■ What you need to do ■
Find the line with "Na svom Instagram" in the entries below, then reproduce it and every line after it down to and including the line with "2022年10月05日更新 查自己的征信对自己有影响吗 查询征信要收费吗具体内容详细介绍", exactly.

Items from a data source
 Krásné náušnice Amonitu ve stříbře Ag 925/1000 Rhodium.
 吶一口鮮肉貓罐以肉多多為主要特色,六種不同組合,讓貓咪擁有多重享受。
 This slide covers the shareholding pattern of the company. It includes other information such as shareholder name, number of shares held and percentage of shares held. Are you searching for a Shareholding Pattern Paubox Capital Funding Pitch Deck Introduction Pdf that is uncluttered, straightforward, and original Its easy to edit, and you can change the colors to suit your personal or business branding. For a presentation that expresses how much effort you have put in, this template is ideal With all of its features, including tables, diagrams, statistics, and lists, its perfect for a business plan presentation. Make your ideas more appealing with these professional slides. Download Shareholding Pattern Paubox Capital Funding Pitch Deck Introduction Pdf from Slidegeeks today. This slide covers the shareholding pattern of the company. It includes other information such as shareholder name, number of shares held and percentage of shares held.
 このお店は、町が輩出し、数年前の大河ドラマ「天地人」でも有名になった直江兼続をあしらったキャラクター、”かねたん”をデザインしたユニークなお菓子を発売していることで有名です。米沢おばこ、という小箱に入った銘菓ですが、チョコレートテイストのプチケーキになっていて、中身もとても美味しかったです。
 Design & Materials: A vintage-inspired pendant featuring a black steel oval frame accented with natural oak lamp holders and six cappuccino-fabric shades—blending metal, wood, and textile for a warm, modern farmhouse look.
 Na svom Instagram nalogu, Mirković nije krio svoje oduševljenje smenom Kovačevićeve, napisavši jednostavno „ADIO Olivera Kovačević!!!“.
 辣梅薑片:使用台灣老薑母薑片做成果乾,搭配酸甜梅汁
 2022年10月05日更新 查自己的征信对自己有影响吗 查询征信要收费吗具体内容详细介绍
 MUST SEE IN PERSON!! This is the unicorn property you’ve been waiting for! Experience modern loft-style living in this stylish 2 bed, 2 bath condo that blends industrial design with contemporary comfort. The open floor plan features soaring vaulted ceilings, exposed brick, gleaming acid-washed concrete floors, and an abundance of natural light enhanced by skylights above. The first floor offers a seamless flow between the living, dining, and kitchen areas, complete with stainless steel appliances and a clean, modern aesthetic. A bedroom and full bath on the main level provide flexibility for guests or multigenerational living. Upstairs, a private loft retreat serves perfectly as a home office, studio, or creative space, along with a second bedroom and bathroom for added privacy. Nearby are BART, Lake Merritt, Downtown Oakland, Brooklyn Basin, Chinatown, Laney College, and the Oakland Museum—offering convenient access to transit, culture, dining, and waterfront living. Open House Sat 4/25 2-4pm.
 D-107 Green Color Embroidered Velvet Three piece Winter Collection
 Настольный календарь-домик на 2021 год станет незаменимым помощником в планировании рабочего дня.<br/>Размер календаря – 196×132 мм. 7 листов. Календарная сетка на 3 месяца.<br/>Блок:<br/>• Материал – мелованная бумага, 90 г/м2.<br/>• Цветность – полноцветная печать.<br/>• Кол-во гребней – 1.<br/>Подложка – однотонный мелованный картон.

■ Answer area ■
 Na svom Instagram nalogu, Mirković nije krio svoje oduševljenje smenom Kovačevićeve, napisavši jednostavno „ADIO Olivera Kovačević!!!“.
 辣梅薑片:使用台灣老薑母薑片做成果乾,搭配酸甜梅汁
 2022年10月05日更新 查自己的征信对自己有影响吗 查询征信要收费吗具体内容详细介绍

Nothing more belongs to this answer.